Sharing Data with Aspose – Data Security

Thanks for that, I have just sent you a zip file containing an example email, which if converted to PDF should demonstrate my problem.

Forgive me if I add that I was able to see the exif data and orientation setting using ImageMagick.

A general comment in that I would suggest that the default behaviour of the convert to PDF code would be to have the images scaled to fit on the page if possible and honouring orientation, just as Thunderbird does.

Thanks, Mark.

@mawheadon,

I am afraid, we are unable to reproduce the issue related to ‘rotation of the image’ on our end. We used the following code for generating this (by aspose.words for java 20.10.pdf (810.9 KB)) file on our end:

MailMessage eml = MailMessage.load("C:\\Temp\\non_rotated_inline_image\\non_rotated_inline_image.eml");
ByteArrayOutputStream emlStream = new ByteArrayOutputStream();
eml.save(emlStream, com.aspose.email.SaveOptions.getDefaultMhtml());

HtmlLoadOptions htmlLoadOptions = new HtmlLoadOptions();
htmlLoadOptions.setLoadFormat(LoadFormat.MHTML);
Document doc = new Document(new ByteArrayInputStream(emlStream.toByteArray()), htmlLoadOptions);

shrinkImageToFit(doc); 

doc.save("C:\\temp\\non_rotated_inline_image\\awjava-20.10-shrinkImageToFit.pdf");

private static void shrinkImageToFit(Document doc) {
    PageSetup ps = doc.getFirstSection().getPageSetup();
    double contentWidth = ps.getPageWidth() - (ps.getLeftMargin() + ps.getRightMargin());
    double contentHeight = ps.getPageHeight() - (ps.getTopMargin() + ps.getBottomMargin());

    NodeCollection<Shape> shapes = doc.getChildNodes(NodeType.SHAPE, true);
    for (Shape shape : (Iterable<Shape>) shapes) {
        double imageHeight = shape.getHeight();
        double imageWidth = shape.getWidth();
        double vScale = 1;
        if (imageHeight > contentHeight) {
            vScale = contentHeight / imageHeight;
        }
        double hScale = 1;
        if (imageWidth > contentWidth) {
            hScale = contentWidth / imageWidth;
        }
        double scale = Math.min(hScale, vScale);
        double imageHeight2 = imageHeight *= scale;
        double imageWidth2 = imageWidth *= scale;

        try {
            shape.setHeight(imageHeight2);
            shape.setWidth(imageWidth2);
            //shape.setHeight(50);
            //shape.setWidth(50);
        } catch (Exception e) {

        }
    }
}

We have also converted your “non_rotated_inline_image.eml” file to .mhtml format (see by ms outlook 2019.zip (2.0 MB)) by using MS Outlook 2019 and can see that the orientation of image in this .mhtml matches to what is shown in Aspose.Words generated PDF. So, this seems to be an expected behavior. Can you please open .eml with Thunderbird and share the screenshot of image?

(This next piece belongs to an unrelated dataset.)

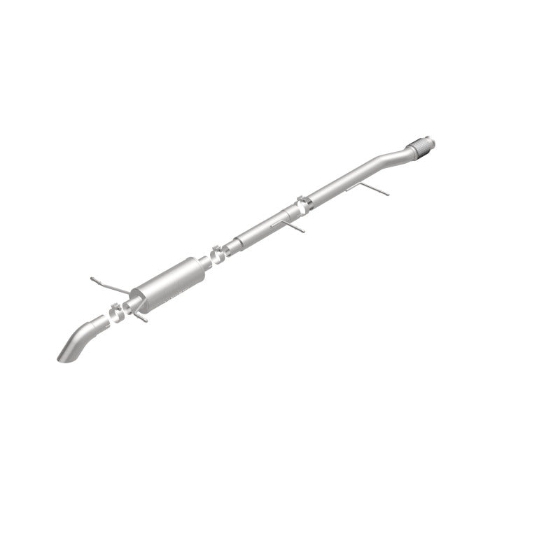The MagnaFlow Off-Road Pro Series Cat-Back Performance Exhaust System 17146 brings additional off-roading prowess and our deep signature exhaust note to your Truck with a weight-optimized, dyno-tested, corrosion resistant and durable stainless steel design engineered to closely hug the undercarriage for improved ground clearance. Exhaust kit 17146 is engineered to produce Very Aggressive exterior and Aggressive interior sound levels. Extensive 3D scanning was used during the development of this Truck exhaust system to create a direct-fit design, enabling a do-it-yourself installation process. 17146's emissions-legal cat-back design replaces all your truck's exhaust components from the catalytic converter on back with its 3in. diameter mandrel bent main piping that passes through 1 Straight-Through mufflers before ending in a turndown before rear axle exit with 3in. Satin Clamp-On Single Wall Turndown Cut Edge tips. Exhaust system 17146 is produced using advanced CNC precision robotic manufacturing techniques and backed by MagnaFlow's limited lifetime warranty.

We have logged this requirement in our issue tracking system. Your ticket number is:

  • WORDSNET-21394: Provide option to scale large images in MHTML down to fit within the PDF page bounds

We will further look into the details of this requirement and will keep you updated on the status of the linked issue.

@mawheadon

I have created an issue with ID EMAILJAVA-34765 in our issue tracking system to further investigate the issue with reference to Aspose.Email rendering of MHT. This thread has been linked with the issue so that you may be notified once the issue will be fixed.

Great, Thanks.